You would use a rotor measuring caliper tool to measure the rotor thickness. If your rotors are "grooved" dued to wear or running the brakes metal to metal, the auto machinist will look for the deepest groove and take a reading to see how much he can machine off to make the braking surface flat and smooth. There is a minimum thickness that rotor can be at. It is usually embossed on the rotor. If the rotor has a minimum thickness specification of 1 inch and the machinist finds a groove that measures .75 of an inch thickness, that rotor needs to be junked. If he should machine that rotor, it will have a thickness of less than 1 inch and it would warp and crack if you put it back on your car. Hope this helps....

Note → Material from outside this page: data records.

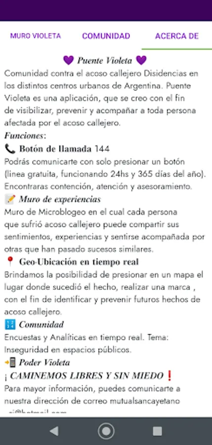Puente Violeta is an application that was created in order to make visible, prevent and accompany any person affected by street harassment.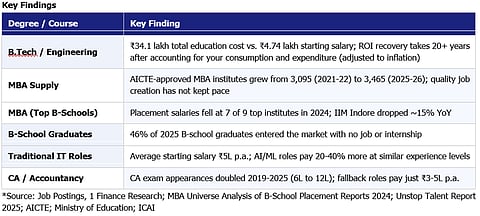The degrees Indian families are sacrificing the most for - engineering, MBA, and professional qualifications - are barely delivering the promised returns.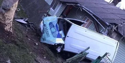 На Прикарпатье полицейский микроавтобус врезался в жилой дом (фото)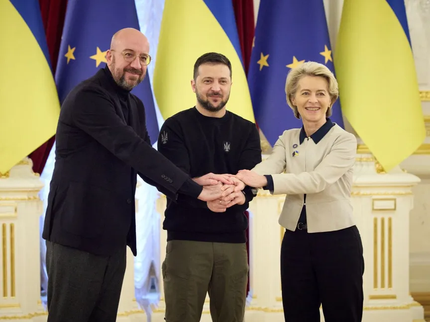 الرئيس الأوكراني فولوديمير زيلينسكي بين رئيسة المفوضية الأوروبية أورسولا فون دير لاين ورئيس المجلس الأوروبي شارل ميشيل في العاصمة الأوكرانية كييف. 3 فبراير 2023 - REUTERS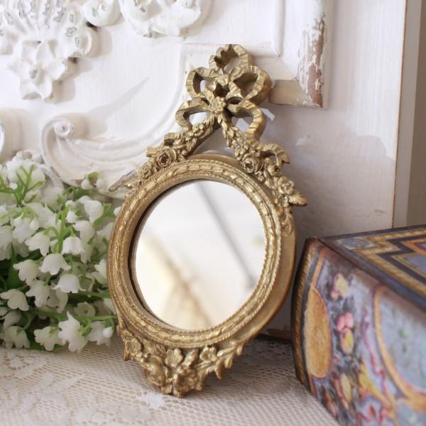 リボン ウォールミラー ラウンド ミラー ゴールド 壁掛けミラー バロック ローズ(136) ロココ調 アンティーク調 雑貨 アンティーク風 輸入雑貨 洋風 ヨーロピ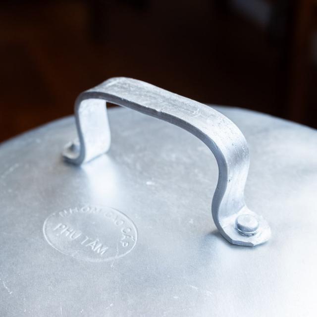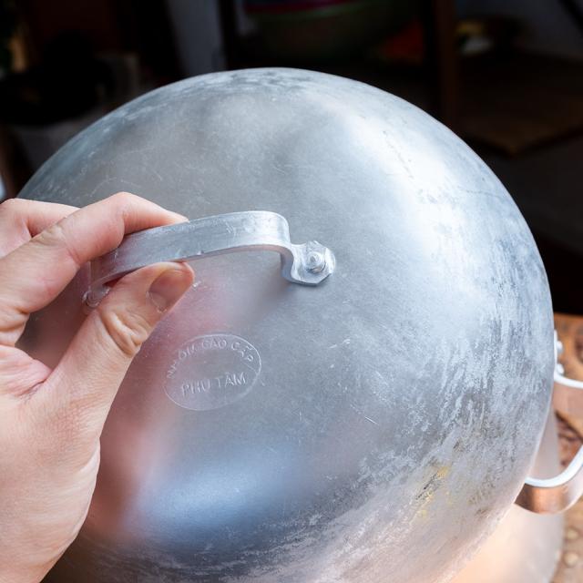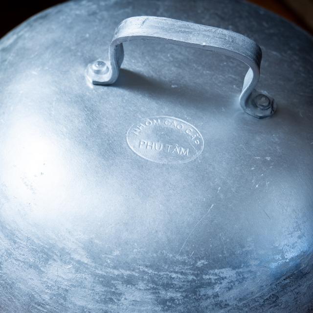 縁まで水を入れた際の容量は約6リットル。ライスペーパーを蒸す以外にも、もちろん通常の鍋としてさまざまなお料理に活用できます。フォーやベトナム風のスープ、鶏粥「チャオ」、和風の煮込みや鍋物まで、幅広く対応。アルミは熱まわりがよく軽量なので、日々の調理に便利な相棒となってくれます。高さのある丸蓋は蒸気をしっかり閉じ込め、旨味を逃しません。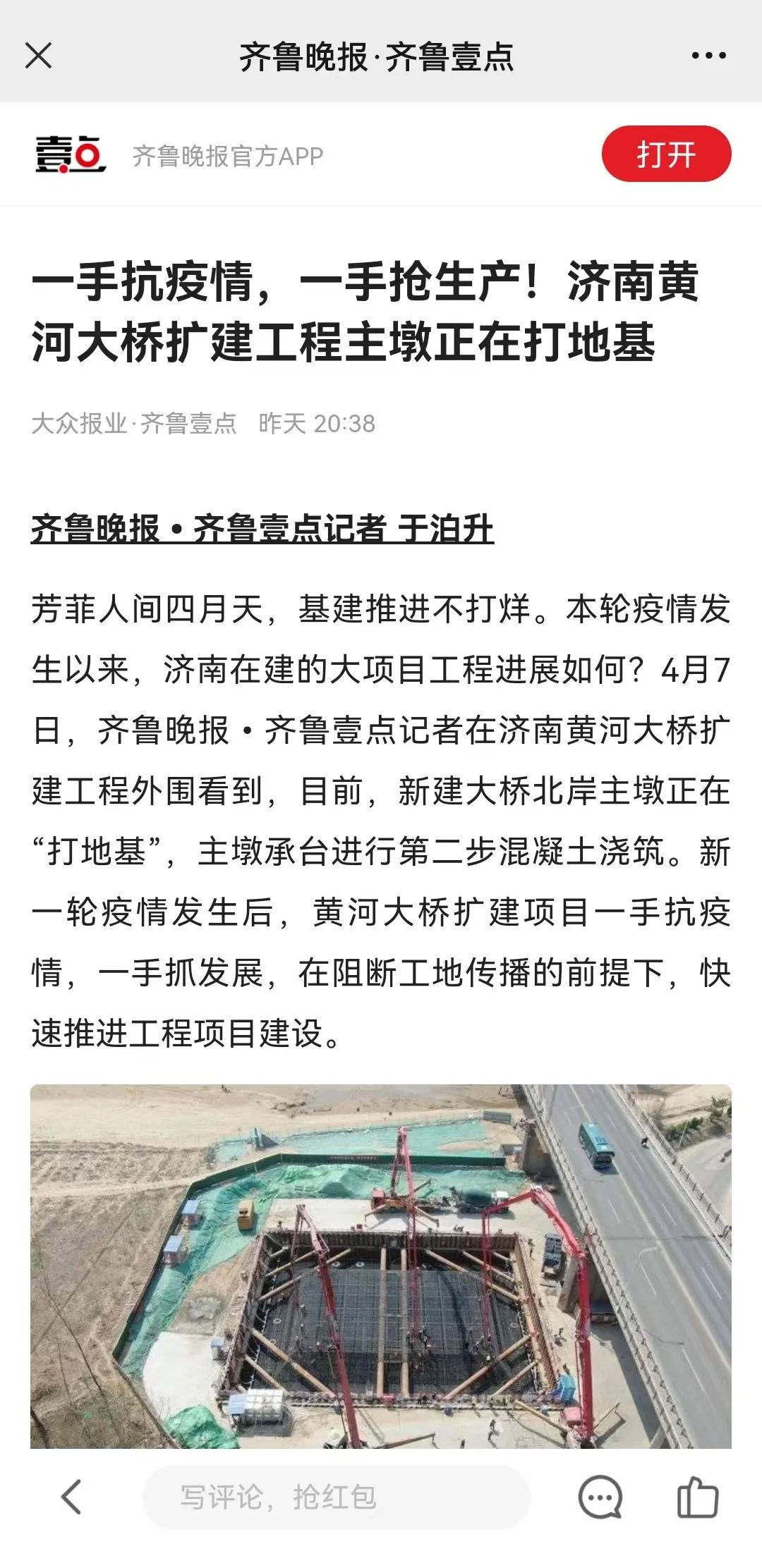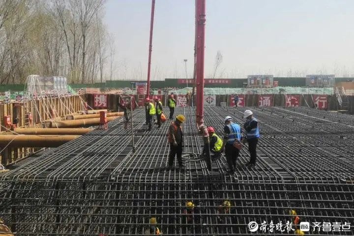 芳菲人间四月天,基建推进不打烊。本轮疫情发生以来,济南在建的大项目工程进展如何?4月7日,齐鲁晚报•齐鲁壹点记者在济南黄河大桥扩建工程外围看到,目前,新建大桥北岸主墩正在“打地基”,主墩承台进行第二步混凝土浇筑。新一轮疫情发生后,黄河大桥扩建项目一手抗疫情,一手抓发展,在阻断工地传播的前提下,快速推进工程项目建设。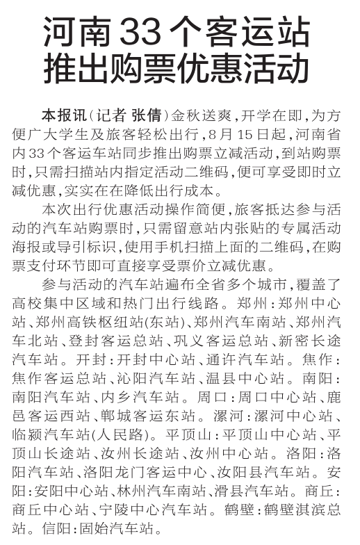 金秋送爽,开学在即,为方便广大学生及旅客轻松出行,8月15日起,河南省内33个客运车站同步推出购票立减活动,到站购票时,只需扫描站内指定活动二维码,便可享受即时立减优惠,实实在在降低出行成本。(今日《郑州日报》2版)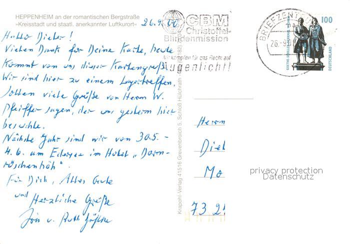 73228280 alte Postkarte Heppenheim Bergstrasse Kurfuerstlicher Amtshof Jokus Brunnen Rathaus Marktplatz Stadtbild mit Dom Starkenburg Fliegeraufnahme postalisch gelaufen Erhaltung siehe scans [FriedD77] KatCode: 11110006431011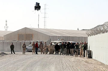 The RQ-16A T-Hawk unmanned aerial vehicle hovers over a group of coalition forces and civilians, during a technical display performed by Honeywell at Kandahar Airfield. Technicians from Honeywell International invited coalition forces to witness how the miniature air vehicle can be be used on routine operations. (U.S. Army Photo by Spc. Jonathan W. Thomas)

You would use a rotor measuring caliper tool to measure the rotor thickness. If your rotors are "grooved" dued to wear or running the brakes metal to metal, the auto machinist will look for the deepest groove and take a reading to see how much he can machine off to make the braking surface flat and smooth. There is a minimum thickness that rotor can be at. It is usually embossed on the rotor. If the rotor has a minimum thickness specification of 1 inch and the machinist finds a groove that measures .75 of an inch thickness, that rotor needs to be junked. If he should machine that rotor, it will have a thickness of less than 1 inch and it would warp and crack if you put it back on your car. Hope this helps....
Originally Posted by phipark
This makes me think it's the rears.
that said, my rotora slotted front and rear w/ legend calipers setup has warped on me in <15000km, which is roughly 9000miles. the size of the rotor just isn't big enough for these big ass cars.
Well, it was definitely the front rotors. Replaced them with DBA rotors and EBC Greenstuff pads. Also, flushed out the system with ATE Super Blue. Brakes so far are amazing. Feels a little better than my previous setup. Although it's hard to pinpoint which component is making the difference (pads, rotors, fluid).